Once you have a trained model, you can find similar words using the most_similar method:

In [32]:
# Find similar words to 'cat'
similar_words = model.wv.most_similar('cat', topn=10)
print("Most similar words to 'cat':")
for word, score in similar_words:
    print(f"{word}: {score}")

Most similar words to 'cat':
ants: 0.11463356018066406
goat: 0.10705526173114777
rhinoceros: 0.09309180825948715
monkey: 0.09122835099697113
rhino: 0.08179710805416107
rabbit: 0.07725443691015244
orangutan: 0.07632383704185486
bear: 0.07548326253890991
rhinoceroses: 0.06613056361675262
chimpanzee: 0.042745448648929596


### 3. Computing Similarity Scores Between Words

You can compute similarity scores between two words using the similarity method:

In [34]:
# Compute similarity score between 'cat' and 'bobcat'
similarity_score = model.wv.similarity('cat', 'bobcat')
print(f"Similarity score between 'cat' and 'bobcat': {similarity_score}")

Similarity score between 'cat' and 'bobcat': -0.01531929150223732


# Gensim Doc2Vec

### Using Gensim Doc2Vec

Here are the key steps to use Gensim Doc2Vec:

1. Prepare the Data
2. Train the Doc2Vec Model
3. Finding Similar Documents
4. Computing Similarity Scores Between Documents


[Practical Guide To Doc2Vec](https://spotintelligence.com/2023/09/06/doc2vec/)

### 1. Prepare the Data

You need to preprocess your documents and tag them appropriately.
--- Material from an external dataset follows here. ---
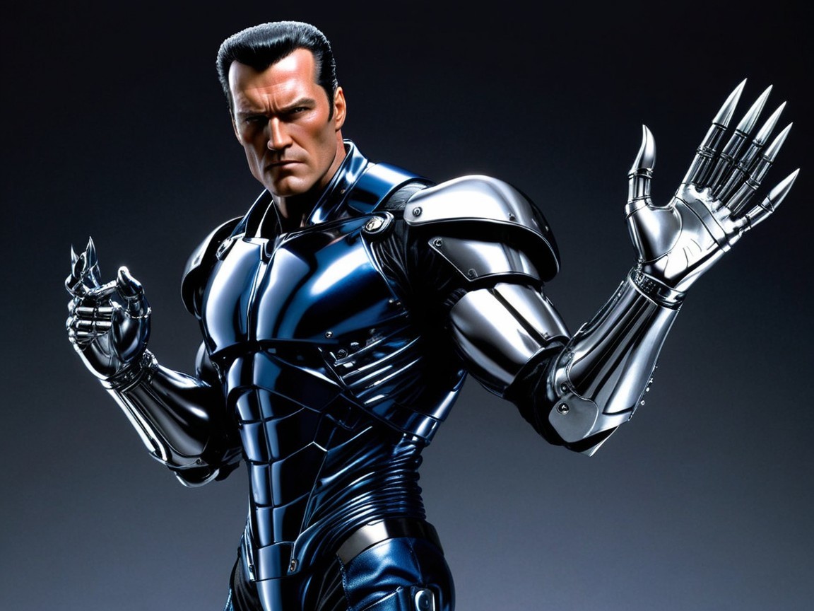 Prompt: "Make a superhero out of there terminator T-1000 in the style of jim lee. He should have a liquid metal blade for an arm. His hands should be liquid metal claws"

Gensim's TaggedDocument is used for this purpose.

In [36]:
from gensim.models.doc2vec import Doc2Vec, TaggedDocument
from gensim.utils import simple_preprocess

# Example documents
documents = [
    'african_buffalo', 'alligator', 'amphibian', 'amur_leopard', 
    'ants', 'bear', 'bird', 'blue_whale', 'bobcat', 'cat', 'chimp', 
    'chimpanzee', 'cow', 'dog', 'dolphin', 'domestic_water_buffalo', 
    'eagle', 'elephant', 'fish', 'frog', 'giant', 'giant_panda', 'goat', 
    'gorilla', 'hen', 'horse', 'killer_whale', 'lion', 'lizard', 'monkey', 
    'mouse', 'orangutan', 'ostrich', 'ox', 'panda', 'polar_bear', 'rabbit', 
    'rat', 'rhino', 'rhinoceros', 'rhinoceroses', 'seal', 'sealskin', 
    'siamese_cat', 'skunk', 'spider_monkey', 'squirrel', 'tiger', 'turtle', 
    'walrus', 'whale', 'bird', 'fish', 'lion', 'tiger', 'bull'
]

# Preprocess and tag documents
tagged_documents = [TaggedDocument(simple_preprocess(doc), [i]) for i, doc in enumerate(documents)]
print(f"tagged_documents : {tagged_documents}")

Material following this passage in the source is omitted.